Giter VIP home page Giter VIP logo

isoseq's Introduction

IsoSeq v3

Scalable De Novo Isoform Discovery


IsoSeq v3 contains the newest tools to identify transcripts in PacBio single-molecule sequencing data. Starting in SMRT Link v6.0.0, those tools power the IsoSeq GUI-based analysis application. A composable workflow of existing tools and algorithms, combined with a new clustering technique, allows to process the ever-increasing yield of PacBio machines with similar performance to IsoSeq versions 1 and 2. Starting with version 3.4, support for UMI and cell barcode based deduplication has been added.

Availability

Latest version can be installed via bioconda package isoseq3.

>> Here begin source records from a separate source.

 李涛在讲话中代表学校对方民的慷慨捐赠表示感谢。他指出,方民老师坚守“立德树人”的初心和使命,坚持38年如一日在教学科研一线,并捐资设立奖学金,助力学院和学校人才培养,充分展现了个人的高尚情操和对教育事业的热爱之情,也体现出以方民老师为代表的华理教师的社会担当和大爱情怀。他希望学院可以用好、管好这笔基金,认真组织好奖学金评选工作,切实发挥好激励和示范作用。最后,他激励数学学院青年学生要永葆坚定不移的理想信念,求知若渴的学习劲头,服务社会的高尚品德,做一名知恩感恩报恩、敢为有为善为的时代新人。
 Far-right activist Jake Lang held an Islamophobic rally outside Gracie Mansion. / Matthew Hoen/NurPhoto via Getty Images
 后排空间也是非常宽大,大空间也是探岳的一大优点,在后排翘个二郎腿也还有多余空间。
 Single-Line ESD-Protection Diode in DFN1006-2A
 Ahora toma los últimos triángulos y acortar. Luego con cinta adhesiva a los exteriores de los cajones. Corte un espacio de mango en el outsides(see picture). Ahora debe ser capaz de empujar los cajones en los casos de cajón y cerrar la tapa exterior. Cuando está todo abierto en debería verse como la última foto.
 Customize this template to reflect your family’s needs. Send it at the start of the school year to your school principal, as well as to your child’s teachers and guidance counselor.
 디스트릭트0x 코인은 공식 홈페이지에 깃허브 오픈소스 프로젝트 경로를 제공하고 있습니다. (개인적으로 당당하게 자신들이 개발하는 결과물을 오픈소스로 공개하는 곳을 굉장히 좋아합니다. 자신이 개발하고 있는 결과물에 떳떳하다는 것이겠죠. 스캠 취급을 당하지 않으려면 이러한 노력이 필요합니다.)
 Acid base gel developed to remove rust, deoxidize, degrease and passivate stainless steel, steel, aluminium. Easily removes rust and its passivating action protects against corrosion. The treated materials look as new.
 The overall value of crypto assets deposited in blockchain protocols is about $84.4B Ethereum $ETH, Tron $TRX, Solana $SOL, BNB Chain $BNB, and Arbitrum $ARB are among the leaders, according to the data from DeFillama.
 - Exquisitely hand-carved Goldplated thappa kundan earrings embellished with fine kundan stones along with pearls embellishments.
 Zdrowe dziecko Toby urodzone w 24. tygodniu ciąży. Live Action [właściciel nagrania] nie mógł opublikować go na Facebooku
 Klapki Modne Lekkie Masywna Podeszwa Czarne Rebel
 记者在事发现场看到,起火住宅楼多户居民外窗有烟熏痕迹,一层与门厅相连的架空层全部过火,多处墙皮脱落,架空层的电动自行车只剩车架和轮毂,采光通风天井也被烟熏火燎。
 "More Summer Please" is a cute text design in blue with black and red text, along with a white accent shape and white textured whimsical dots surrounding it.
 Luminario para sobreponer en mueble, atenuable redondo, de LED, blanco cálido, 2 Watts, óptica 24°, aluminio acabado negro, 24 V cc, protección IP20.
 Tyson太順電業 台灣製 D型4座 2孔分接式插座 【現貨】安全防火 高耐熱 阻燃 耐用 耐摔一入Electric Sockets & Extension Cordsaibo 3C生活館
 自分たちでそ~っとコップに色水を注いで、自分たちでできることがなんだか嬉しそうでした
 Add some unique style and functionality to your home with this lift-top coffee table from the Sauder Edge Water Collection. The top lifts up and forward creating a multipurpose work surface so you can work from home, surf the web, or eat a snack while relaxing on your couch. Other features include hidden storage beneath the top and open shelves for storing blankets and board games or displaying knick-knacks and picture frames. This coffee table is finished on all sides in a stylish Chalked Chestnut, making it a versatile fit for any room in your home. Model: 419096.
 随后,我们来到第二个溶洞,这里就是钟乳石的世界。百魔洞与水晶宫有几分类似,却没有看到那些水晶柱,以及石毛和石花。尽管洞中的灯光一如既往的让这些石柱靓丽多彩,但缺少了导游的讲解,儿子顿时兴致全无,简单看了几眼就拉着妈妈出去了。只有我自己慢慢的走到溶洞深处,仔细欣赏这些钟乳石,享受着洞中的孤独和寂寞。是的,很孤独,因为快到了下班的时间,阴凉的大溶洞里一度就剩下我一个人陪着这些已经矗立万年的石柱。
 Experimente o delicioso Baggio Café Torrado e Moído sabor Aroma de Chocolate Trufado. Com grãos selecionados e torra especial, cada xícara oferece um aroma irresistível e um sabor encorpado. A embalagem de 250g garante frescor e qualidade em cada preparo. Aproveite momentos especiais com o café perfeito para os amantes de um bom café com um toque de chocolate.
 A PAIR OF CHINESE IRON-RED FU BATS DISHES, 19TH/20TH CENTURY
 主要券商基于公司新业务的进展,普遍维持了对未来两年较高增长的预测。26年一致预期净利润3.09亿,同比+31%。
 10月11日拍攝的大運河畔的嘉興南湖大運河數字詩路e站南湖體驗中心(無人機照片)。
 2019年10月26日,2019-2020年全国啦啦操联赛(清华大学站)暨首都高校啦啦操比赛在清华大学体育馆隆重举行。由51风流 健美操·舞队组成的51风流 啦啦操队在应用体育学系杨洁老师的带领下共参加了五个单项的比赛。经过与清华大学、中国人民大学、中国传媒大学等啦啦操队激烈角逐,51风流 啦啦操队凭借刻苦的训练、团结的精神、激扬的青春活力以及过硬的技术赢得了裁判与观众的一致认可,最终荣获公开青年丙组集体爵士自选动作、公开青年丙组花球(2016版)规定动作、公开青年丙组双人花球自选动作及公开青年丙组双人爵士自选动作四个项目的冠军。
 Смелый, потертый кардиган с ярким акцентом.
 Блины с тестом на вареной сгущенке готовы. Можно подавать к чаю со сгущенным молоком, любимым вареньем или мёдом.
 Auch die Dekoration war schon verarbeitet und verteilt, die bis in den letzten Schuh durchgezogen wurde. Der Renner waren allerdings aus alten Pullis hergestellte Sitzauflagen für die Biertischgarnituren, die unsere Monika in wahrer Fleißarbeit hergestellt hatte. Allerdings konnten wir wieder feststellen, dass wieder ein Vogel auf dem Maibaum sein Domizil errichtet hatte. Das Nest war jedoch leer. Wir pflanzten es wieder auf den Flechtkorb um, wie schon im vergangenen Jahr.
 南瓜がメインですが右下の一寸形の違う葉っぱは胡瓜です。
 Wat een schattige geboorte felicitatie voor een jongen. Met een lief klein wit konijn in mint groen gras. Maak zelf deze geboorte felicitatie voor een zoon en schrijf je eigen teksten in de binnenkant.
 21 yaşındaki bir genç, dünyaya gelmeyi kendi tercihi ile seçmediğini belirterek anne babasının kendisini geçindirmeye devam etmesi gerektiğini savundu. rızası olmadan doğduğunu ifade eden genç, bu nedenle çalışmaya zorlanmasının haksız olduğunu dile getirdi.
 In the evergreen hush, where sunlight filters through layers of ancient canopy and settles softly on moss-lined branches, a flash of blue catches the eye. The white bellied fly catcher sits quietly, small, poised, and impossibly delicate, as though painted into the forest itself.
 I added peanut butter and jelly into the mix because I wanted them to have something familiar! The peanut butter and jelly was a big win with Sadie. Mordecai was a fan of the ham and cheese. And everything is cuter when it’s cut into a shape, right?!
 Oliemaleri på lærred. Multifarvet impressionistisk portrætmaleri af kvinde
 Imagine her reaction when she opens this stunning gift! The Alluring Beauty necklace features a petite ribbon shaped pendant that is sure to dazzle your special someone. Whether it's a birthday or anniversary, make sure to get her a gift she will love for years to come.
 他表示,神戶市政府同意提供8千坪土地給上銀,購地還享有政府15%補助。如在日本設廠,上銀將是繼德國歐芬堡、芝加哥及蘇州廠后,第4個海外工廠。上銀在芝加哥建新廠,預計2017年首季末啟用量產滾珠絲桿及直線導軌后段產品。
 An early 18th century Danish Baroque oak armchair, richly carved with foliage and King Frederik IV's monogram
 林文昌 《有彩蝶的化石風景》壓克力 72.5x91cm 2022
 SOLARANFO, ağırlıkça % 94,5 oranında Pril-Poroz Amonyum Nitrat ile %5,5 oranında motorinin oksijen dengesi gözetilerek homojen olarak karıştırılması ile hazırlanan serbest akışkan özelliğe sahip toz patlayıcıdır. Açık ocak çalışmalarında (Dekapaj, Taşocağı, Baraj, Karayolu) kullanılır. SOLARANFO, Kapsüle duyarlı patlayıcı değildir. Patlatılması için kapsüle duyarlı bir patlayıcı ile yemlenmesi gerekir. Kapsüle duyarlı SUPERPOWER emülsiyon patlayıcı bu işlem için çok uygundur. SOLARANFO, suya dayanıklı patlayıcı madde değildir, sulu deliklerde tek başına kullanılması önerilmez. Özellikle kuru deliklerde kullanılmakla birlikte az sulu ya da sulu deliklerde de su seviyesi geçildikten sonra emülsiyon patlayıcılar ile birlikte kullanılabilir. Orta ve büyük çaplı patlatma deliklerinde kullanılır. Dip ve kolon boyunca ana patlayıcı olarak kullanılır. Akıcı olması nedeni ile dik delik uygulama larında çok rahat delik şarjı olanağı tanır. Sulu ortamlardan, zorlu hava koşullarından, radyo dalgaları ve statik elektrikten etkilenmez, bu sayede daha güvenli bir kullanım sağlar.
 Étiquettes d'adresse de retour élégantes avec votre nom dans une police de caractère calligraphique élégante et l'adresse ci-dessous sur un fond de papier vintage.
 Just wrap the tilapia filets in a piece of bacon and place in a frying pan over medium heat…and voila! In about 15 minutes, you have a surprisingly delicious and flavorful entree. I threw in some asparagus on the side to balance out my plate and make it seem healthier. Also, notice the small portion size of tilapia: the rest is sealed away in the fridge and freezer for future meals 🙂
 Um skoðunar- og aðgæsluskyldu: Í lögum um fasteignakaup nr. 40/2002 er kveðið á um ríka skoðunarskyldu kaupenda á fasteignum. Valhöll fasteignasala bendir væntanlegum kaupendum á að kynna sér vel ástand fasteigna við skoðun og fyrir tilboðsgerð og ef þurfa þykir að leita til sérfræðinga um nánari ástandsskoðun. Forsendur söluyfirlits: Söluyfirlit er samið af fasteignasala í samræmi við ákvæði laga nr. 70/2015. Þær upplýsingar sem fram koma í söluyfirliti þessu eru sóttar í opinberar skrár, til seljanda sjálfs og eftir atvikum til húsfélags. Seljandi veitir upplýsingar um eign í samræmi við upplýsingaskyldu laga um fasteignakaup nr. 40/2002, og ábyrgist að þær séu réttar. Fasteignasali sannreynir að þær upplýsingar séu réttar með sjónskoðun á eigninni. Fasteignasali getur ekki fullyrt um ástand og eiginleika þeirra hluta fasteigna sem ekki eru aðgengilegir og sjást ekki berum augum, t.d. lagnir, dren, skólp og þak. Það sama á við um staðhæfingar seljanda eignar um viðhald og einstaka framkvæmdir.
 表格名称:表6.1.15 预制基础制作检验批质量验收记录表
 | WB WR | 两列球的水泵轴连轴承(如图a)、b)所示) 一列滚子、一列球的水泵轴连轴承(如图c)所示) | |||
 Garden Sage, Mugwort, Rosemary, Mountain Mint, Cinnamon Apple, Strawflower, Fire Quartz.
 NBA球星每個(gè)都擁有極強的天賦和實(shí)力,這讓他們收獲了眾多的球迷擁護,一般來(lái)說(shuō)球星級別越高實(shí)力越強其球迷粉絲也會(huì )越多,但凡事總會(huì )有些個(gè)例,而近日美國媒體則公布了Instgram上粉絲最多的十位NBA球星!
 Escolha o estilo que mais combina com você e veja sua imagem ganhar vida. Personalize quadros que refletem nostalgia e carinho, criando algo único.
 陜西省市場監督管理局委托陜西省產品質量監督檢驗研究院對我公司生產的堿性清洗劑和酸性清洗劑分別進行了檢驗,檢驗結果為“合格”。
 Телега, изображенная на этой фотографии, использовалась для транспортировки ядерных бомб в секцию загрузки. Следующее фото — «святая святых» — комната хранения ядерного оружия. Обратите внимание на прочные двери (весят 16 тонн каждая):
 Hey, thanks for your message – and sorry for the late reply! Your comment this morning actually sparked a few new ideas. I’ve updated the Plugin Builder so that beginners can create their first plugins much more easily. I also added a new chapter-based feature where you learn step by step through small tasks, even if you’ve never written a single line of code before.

Please refer to our official pbbioconda page for information on Installation, Support, License, Copyright, and Disclaimer.

Workflow Documentation

Changelog

  • 3.4.0
    • SMRT Link release 10.0.0
    • Add support for UMI and cell barcode handling, by adding tag and dedup
    • Add refine --min-rq to support RQ filtering for unfiltered <movie>.reads.bam input
  • 3.3.0
    • SMRT Link release 9.0.0
  • 3.2.2
    • Fix polish not generating fasta/q output. This bug was introduced in v3.2.0
  • 3.2.1
    • Fix a gff index 1-off bug in collapse
    • We have removed implicit dependencies from the bioconda recipe. Please install pbccs, lima, and pbcoretools as needed.
  • 3.2.0
    • polish dropped support for RS II datasets!
    • Add collapse step for aligned transcript BAM input
    • Enable CCS-only workflow cluster --use-qvs
    • Add refine --min-polya-length
    • Add cluster --singletons to output unclustered FLNCs; potential sample prep artifacts!
    • Fix minimap2 bugs. Outputs might change slightly.
  • 3.1.2
    • Reduce polish memory footprint
  • 3.1.1
    • Edge case fix where polish would not finish and stale
    • Improve polish run time for large scale datasets (> 1M CCS)
    • Improve polish result quality
  • 3.1.0
    • We outsourced the poly(A) tail removal and concatemer detection into a new tool called refine. Your custom primers.fasta is used in this step to detect concatemers.

FAQ

Where is the workflow starting from unpolished CCS reads?

To simplify, unify, and future proof Iso-Seq, we decided to remove documentation starting from unpolished CCS reads. With the ever-increasing polymerase read lengths and improvements of CCS, going forward, it is recommended to generate polished CCS reads first and thus make final transcript polishing optional.

Why IsoSeq v3 and not the established versions 1 or 2?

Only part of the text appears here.